Отец уложил брата на кровать. Его обнаженное тело напоминало сейчас тельце младенца. Он будто попал в непорочный, свободный от страстей и унижений, мир детства. Отец помазал царапины и ссадины на коже брата мазью и укрыл его легким одеялом. Все это он проделал в полном молчании. Я смотрел, как брат отвернулся к стене и забрался под одеяло с головой. Тогда что-то шелохнулось в моей душе. Но я не сразу понял, что это было за чувство.

Отец взял тряпку и принялся за уборку. Я сказал, что помою все сам, но тряпку у него не забрал. Понимая, что я предложил помощь машинально, отец, не обращая на меня внимания, продолжал работу.
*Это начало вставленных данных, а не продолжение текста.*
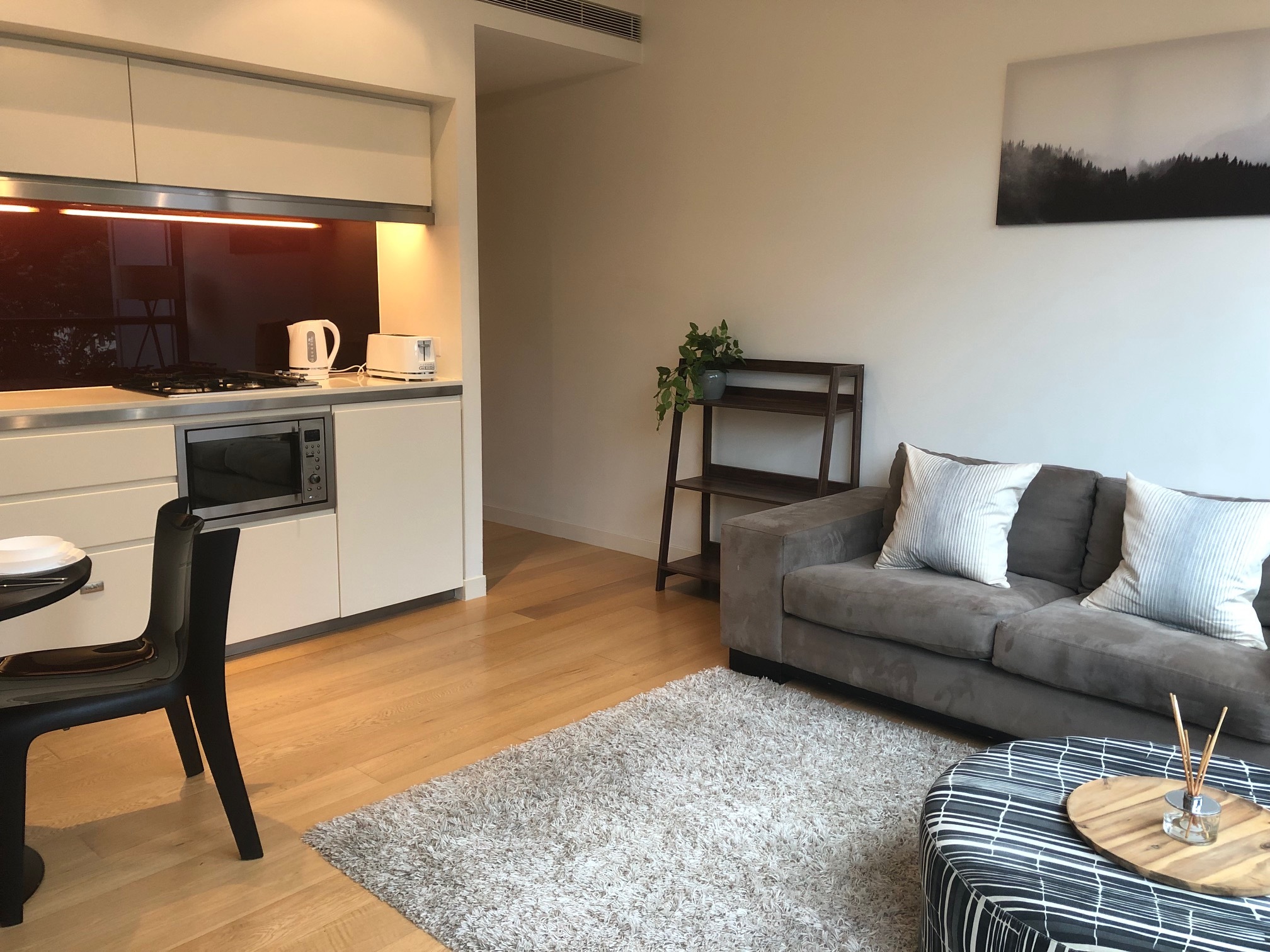 - Modern kitchen facilities with dishwasher, refrigerator and microwave

Он ходил туда-сюда, расставлял по местам вещи, мыл в ванной тряпку, возвращался обратно и снова принимался за дело. До самого конца он оставался спокойным и сосредоточенным. Время от времени он приподнимал одеяло, под которым лежал брат. Мне было неловко стоять и смотреть на это, и я вышел из комнаты.

13

Позже я понял, что всколыхнуло мою душу в тот момент, когда я смотрел, как брат лежит на кровати, отвернувшись к стене и с головой накрывшись одеялом.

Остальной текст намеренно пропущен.